Six months later the slapped together demo is the production release.
As the engineering saying goes, nothing more permanent than a temporary solution
> Do other (tech-literate) people do this?!
I'm sure it's very common, yes. Permissions & popup fatigue is very real. Today, every application and website throws 6 dozen popups at you that you have to get through to get to the stuff you came there for. Most of it is marketing; some of it is from braindead lawyers; some of it is important; none of it gets read by users. At some point you give up and just click "yes, goddamnit, I have work to do" and all the security stuff is out the window.
Always remember: there is no such thing as computer security. If your data is on a networked computer, consider it to be semi-public. The first and only rule of computer security is don't store or do anything on a networked computer that would devastate you if it were leaked or compromised
And, make sure not to think about how much of our modern infrastructure is built on top of computers connected to the Internet.
I usually pay pretty close attention if something wants more than my email address, name and profile image, etc... I've used a couple things that request drive access, only because they actually deal with documents. I'm not sure that I've given any AI agents particularly open access... though if Claude Code wanted to, it could probably pwn me... I've been considering shifting to a VM for that.

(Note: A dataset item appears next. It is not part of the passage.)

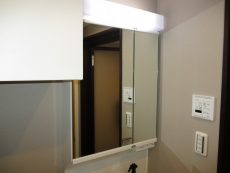 洗面台は新規です。鏡の下のタイルになっていて、鏡の渕が木調でオシャレを演出!

> *Nine of them have Google Workspace OAuth permissions that include reading all emails and accessing all Drive files. Nine. I authorized every one of them without reading the permissions because the onboarding flow asked and I was in a hurry."
No, you didn't authorize every one of them without reading the permissions because the onboarding flow asked and you were in a hurry.
You authorized it because the onboarding flow asked, and you weren't given an opportunity to say no. What are you to do: say no, and then not use the app?
This whole concept is just wrong. Instead of saying "no" and the app seeing that you didn't grant permission: you should be able to say "no", and the app shouldn't see any denial at all. It should just see empty data when requesting it. Problem fucking solved. You get to use whatever apps you want, apps get to ask for whatever permissions they want, and you get to deny that permission without the app fucking you over.
I think it's a bit easier to add a "Some" option so that then the App is unaware to the effective "No" answer.
But also a lot of the permissions are just bad. Like I think it's reasonable for somebody to make a web-app that uses my Google Drive as a backend for storing data. I don't think its reasonable that it should be able to open files it didn't create though.
This just moves the problem to support. The app doesn't work for users, they don't remember clicking no, and then some CSR has to hand-hold them through clicking "yes".
> This just moves the problem to support.
Boo-hoo. Support should exist. Support should be trained. Support should help educate the customer. If your business isn't doing that then your business is trashy anyway.
Many companies don't have support. That's a major problem. We have a lot of trashy businesses.
The app shouldn't see empty data, it should see statistically likely fake data.
While you're right, I'll be happy with just empty data for now. Generating statistically-likely false data is only recently available generally and turns out to be rather expensive.
What? This makes no sense to me. What's the threat model where you'd rather the OAuth flow result in the client app getting fake data?
If you reject the permissions the client already doesn't hear about it because the callback redirect isn't invoked (or at least, there's no reason for it to be, but that's up to you).
> What are you to do: say no, and then not use the app?
Um, yes? That's literally the point of what's happening. The app is asking for permissions because it needs it to do whatever it's doing. If you don't want to give it access to the data then there's no reason to use the app.